中学の時から学校に行かない日があって、高校で不登校になりました。中学の時は「自分で行かない」と決めて時々自主的にサボっていたのですが、高校に入ってからは「行けなくなった」。自分自身をコントロールできないことに絶望しました。
怒鳴る教師に完璧な母 弁当の味感じられず自殺未遂も
入学早々「(進学する大学は)最低でも、日東駒専」と言ったり、入学式で体育館に生徒が入る際に「上履きに履き替えろ」と怒鳴りつけたりする教師。家ではフルタイムの仕事と家事を完璧にこなす母親がいて、逃げ場がなかった。弁当の味も感じられなくなり、16歳の誕生日の日に自殺未遂をしました。
不登校の時に大人から、「発展途上国の子どもはもっとつらい」というようなことを言われました。「苦しさ比べ」をする必要はないのに。
そんな中、地元の女性センターのフェミニズム講座を受けフェミニズムと出会いました。「疑問を持っていい」ということを学びました。
通信制の高校を経て大学に行き、哲学を専攻し、大学院を中退。独身で非正規で働き、生活保護の受給もしました。今でも大人だったらこうあるべきだといった「らしさ」にハマれず、なんとかかろうじて生きています。
「学校嫌なら行かなくていい」は偽善ではないか
子どもの自殺者数が減らない中、8月末に「学校に行かなくていい」というキャンペーンをすることにどこまで意味があるのかなと思っています。
子どもが「生きていこう」という方向にならないのは大人の責任です。例えばいじめは加害者の問題なのに、「いじめられて学校が嫌だったら来なくていい」というのは偽善ではないでしょうか。そもそも大人の世界でも差別や排除がまかり通っていませんか。
競争至上主義、学校システムの問い直しを
去年の春からは小中高生向けの塾講師をしています。こうは言っていても、「塾」というシステムの中にいると、勉強する人が教えやすいなと思ってしまいます。勉強に身が入っていなさそうな人に、不登校経験の話をすると、「道を外れる」のは嫌がり、「自分は普通でいいです」と言います。

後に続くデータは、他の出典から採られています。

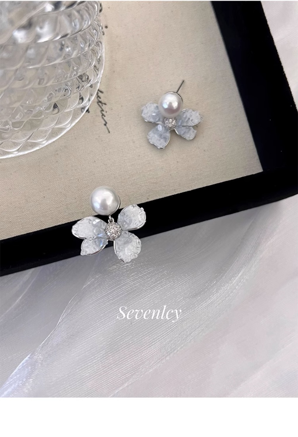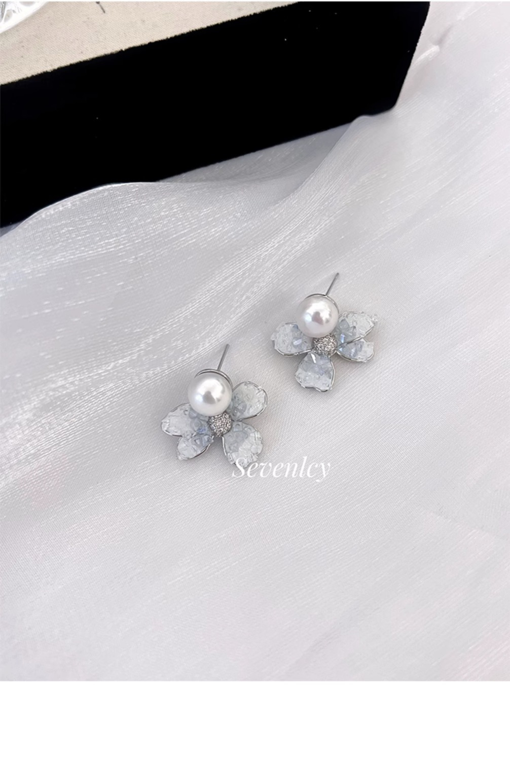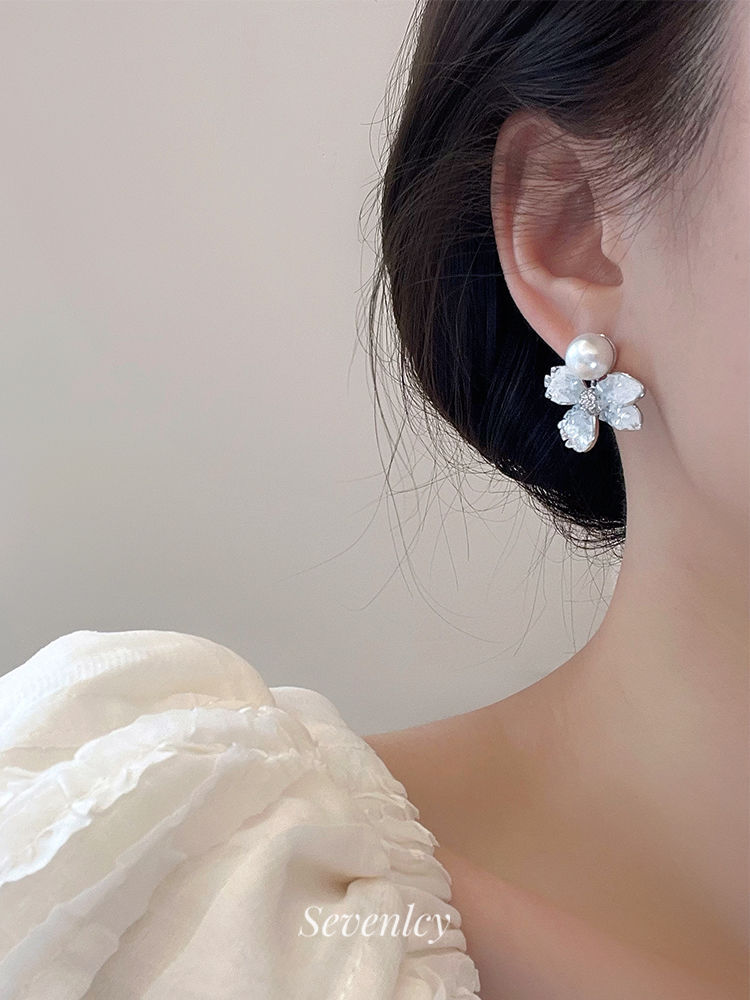 y-ice blue water lily gravel pearl stud earrings

主流からはずれて「マイナー」になるのは子どもも怖いと思う。自分自身も調子が悪くなると「普通でいたい」と思うことがあります。大人も子どももシステムにハマる人は扱いやすいし、優遇される。でもそれは結局人として誰のことも大事にしてないのではないかと、疑問に思います。
小中学校の不登校児童生徒が約34万人もいる。自分たちが税金を払っている「学校」がどうして誰もが安心して行ける場所になっていないのか、それっておかしいことなんですよ。
自分が不登校の時は、つらいところから逃げるので精いっぱいで、そんな疑問を感じることもできなかった。今はフリースクールなどのオルタナティブ(代替)もありますが、そもそもの学校というシステムや、競争至上主義などの中心的な価値観を問い直す必要があるのではないでしょうか。
くりた・りゅうこ 1973年生まれ。文筆家。大阪大学大学院でシモーヌ・ヴェイユを研究。非常勤や派遣で働きながら、貧困や労働問題に関する社会運動に携わる。著書に『ぼそぼそ声のフェミニズム』、10代に向けた『ハマれないまま、生きてます』など。